Extending AES-GCM initialization vector

Well, supposing everything is properly domain separated, nonces are always generated randomly for encryption queries, and your KDF behaves like a perfectly random function, the first step is to bound the probability of a nonce repeat. A birthday bound tells us that this happens with probability at most $$ q^2/2^{256}\,, $$ where $q$ is the number of encryption/decryption queries. So let's rule this case out, and move to the case where this never happens.

Next is the event of key collisions. Again, a simple birthday bound gives us a probability of at most $$ q^2/2^{256} $$ that there are repeated derived keys.

Now what we have here is, in fact, an instance of multi-user GCM where the same nonce is always used.
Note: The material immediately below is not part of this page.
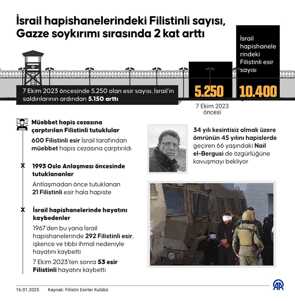 Anlaşma sonrasında aralarında yaklaşık 45 yıl hapiste tutulan 66 yaşındaki Nail el-Bergusi gibi 10 bini aşkın Filistinlinin akıbeti merak ediliyor.

That is, you have up to $q$ independent instances of GCM, and to break the scheme it suffices to break any one of these instances. (Strictly speaking, the multi-user setting gives you more freedom in choosing how many queries per user you can use, whereas here you're limited to 1 (encryption) query per user.)
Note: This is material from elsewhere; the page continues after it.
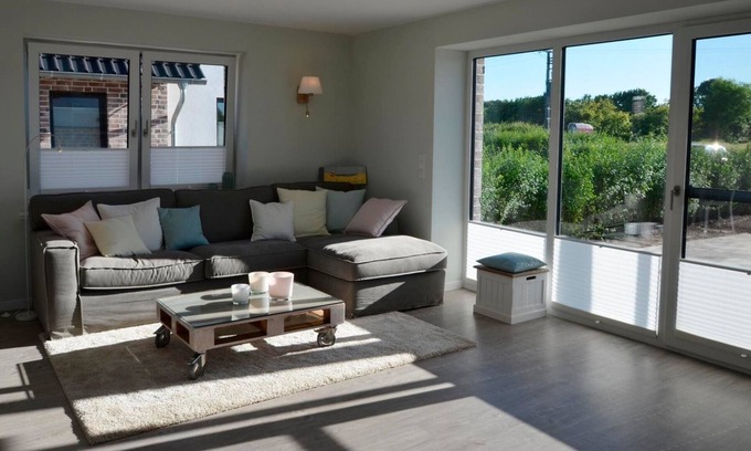 Completed in July 2015, the holiday apartment "Småland" is only 80 meters away from one of the most beautiful beaches of the Baltic coast in Kronsgaard / Angeln and impresses with its spacious layout, the large garden with swing and sandpit and the sauna.

The multi-user security of GCM was conveniently analyzed by Hoang, Tessaro, and Thiruvengadam in the ideal cipher model, which tells us in Theorem 3.1 $$ \begin{align*} \mathbf{Adv}_{\mathtt{CAU}[H,E]}^{\text{mu-ae}} \le &\frac{d(p+q) + n(q + \sigma + p)}{2^k} + \frac{\sigma(2B + cn + 3)}{2^n} \\& + \frac{2q+1}{2^{2n}} + \frac{\sigma(\sigma + ncd) + 2pq}{2^{k+n}}\,. \end{align*} $$ Here we can set $n = 128$, $k = 256$, $d = q$ ($d$ is the number of nonce repetitions across users; since the nonce is fixed, this is equal to the number of queries), $c$ is a bound on the differential probability of $H$ (for GHASH, it can be set to $B/2^n$), $B$ is the maximum message size in blocks, $\sigma$ is the total number of blocks across queries (which can be bounded by $qB$), and $p \le 2^{n-2}$ is the number of offline AES evaluations (i.e., bruteforce of the key).

So, roughly speaking, as long as your messages are sufficiently short (to keep the $O\left(\frac{qB^2}{2^{128}}\right)$ term down), and the total number of queries remains well below $2^{128}$ (to keep the terms $2q^2/2^{256}$ and $O\left(\frac{q^2 + pq}{2^{256}}\right)$ down), as you suggested, this scheme should remain secure.

Solved by user592 (11,680 )
Sep 01, 2020 at 21:42